48      La décision attaquée étant motivée de façon manifestement défectueuse et contradictoire dans la mesure où elle n’explique nullement pourquoi le RCAM, étant d’avis que l’affection du fils de la requérante « est parfaitement stable », a estimé que les quatre critères pour la reconnaissance du statut de maladie grave étaient remplis pendant la période 2009-2013, mais ne l’étaient plus à partir du 1er janvier 2014, celle-ci doit être annulée.

 Sur le premier moyen, tiré d’une erreur manifeste d’appréciation

49      Le Tribunal estime que le premier moyen est également fondé.

50      À cet égard, il y a lieu de rappeler qu’il résulte clairement tant de l’article 72 du statut que des DGE que la reconnaissance du statut de maladie grave est subordonnée à l’examen circonstancié de l’état de santé de la personne concernée et des conditions de traitement de la pathologie en cause (voir, en ce sens, arrêt du 23 novembre 2010, Marcuccio/Commission, F‑65/09, EU:F:2010:149, points 55 et 56).

51      Comme observé au point 39 du présent arrêt, le médecin-conseil a considéré que l’affection du fils de la requérante était « parfaitement stable ». Selon le RCAM, cette affection « parfaitement stable » a justifié la reconnaissance du statut de maladie grave jusqu’au 31 décembre 2013. Toutefois, également selon le RCAM, cette affection « parfaitement stable » et donc inchangée ne justifie plus la reconnaissance de ce statut à partir du 1er janvier 2014, sans que la décision attaquée fasse état des éléments qui ont amené le RCAM à parvenir à une appréciation inverse de l’affection du fils de la requérante. Il s’ensuit nécessairement que le RCAM n’a pas adopté la décision attaquée sur la base d’un examen concret et circonstancié de l’état de santé de l’intéressé.

52      Il résulte de ce qui précède que la décision attaquée doit être annulée.

 Sur les dépens

53      Aux termes de l’article 101 du règlement de procédure, sous réserve des autres dispositions du chapitre huitième du titre deuxième dudit règlement, toute partie qui succombe supporte ses propres dépens et est condamnée aux dépens exposés par l’autre partie, s’il est conclu en ce sens. En vertu de l’article 102, paragraphe 1, du même règlement, le Tribunal peut décider, lorsque l’équité l’exige, qu’une partie qui succombe supporte ses propres dépens, mais n’est condamnée que partiellement aux dépens exposés par l’autre partie, voire qu’elle ne doit pas être condamnée à ce titre.

54      Il résulte des motifs énoncés ci-dessus que le Conseil est la partie qui succombe pour l’essentiel. En outre, la requérante a, dans ses conclusions, expressément conclu à ce que celui-ci soit condamné aux dépens.
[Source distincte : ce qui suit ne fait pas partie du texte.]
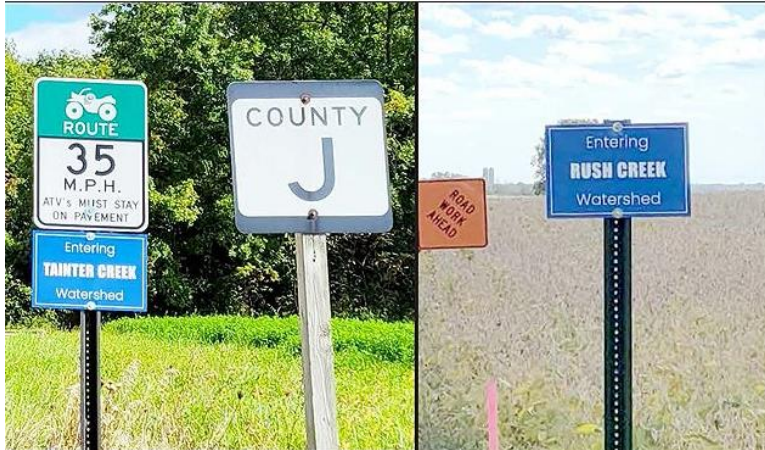
Watershed signs in Vernon County Wisconsin

Les circonstances de l’espèce ne justifiant pas l’application des dispositions de l’article 102, paragraphe 1, du règlement de procédure, le Conseil doit supporter ses propres dépens et être condamné à supporter ceux exposés par la requérante.

Par ces motifs,

LE TRIBUNAL DE LA FONCTION PUBLIQUE
(première chambre)

déclare et arrête :

1)      La décision du 8 avril 2014 par laquelle le bureau liquidateur de Bruxelles (Belgique) du régime commun d’assurance maladie a rejeté la demande de prolongation de reconnaissance, en tant que maladie grave, de la maladie du fils de FY est annulée.
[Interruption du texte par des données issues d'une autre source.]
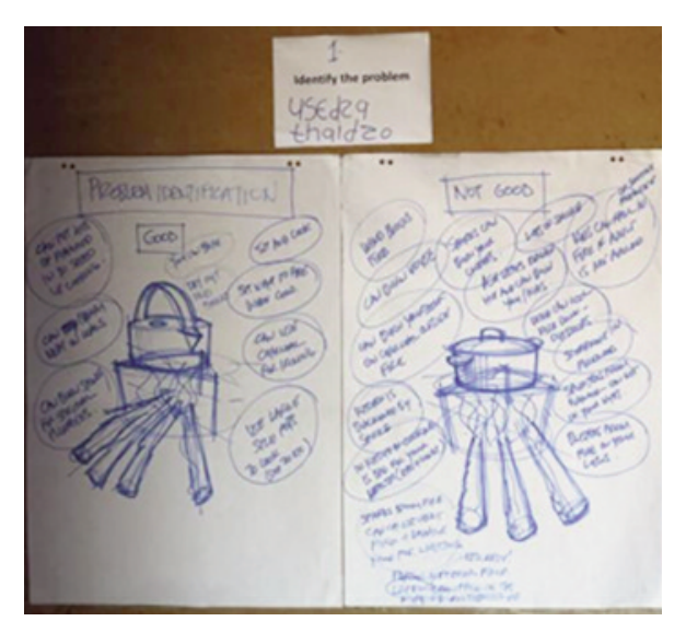
Figure 4: Drawings to discuss the merits and demerits of current cooking technologies.

cient in wood consumption. Again, there was a safety concern and an implication for health that they had experienced over time.
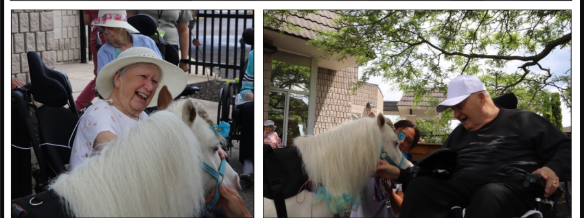
Residents enjoyed time with Rambo the pony in June.
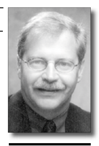
Letter from the Tresident

ur biennial Jui Die... convention is one of the most significant events on the Council 2 calendar. So much so that its ripple effects are felt through the organization long after the close of the activities. Even those who do not attend benefit indirectly from the convention's impact on our daily union activities.
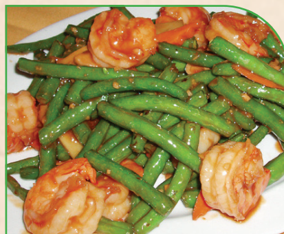
蝦球四季豆 Sautéed Shrimp and Fresh String Beans, Garlic w/Brown Flavor Sauce $24.95
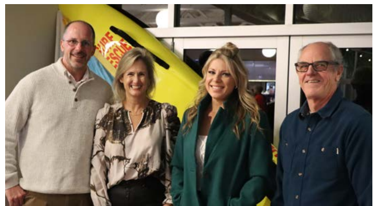
Provide Advanced Resuscitation Certificates

2)      Le Conseil de l’Union européenne supporte ses propres dépens et est condamné à supporter les dépens exposés par FY.

Barents

Perillo

Svenningsen

Ainsi prononcé en audience publique à Luxembourg, le 28 avril 2016.

Le greffier

 

       Le président

W. Hakenberg

 

       R. Barents


* Langue de procédure : le français.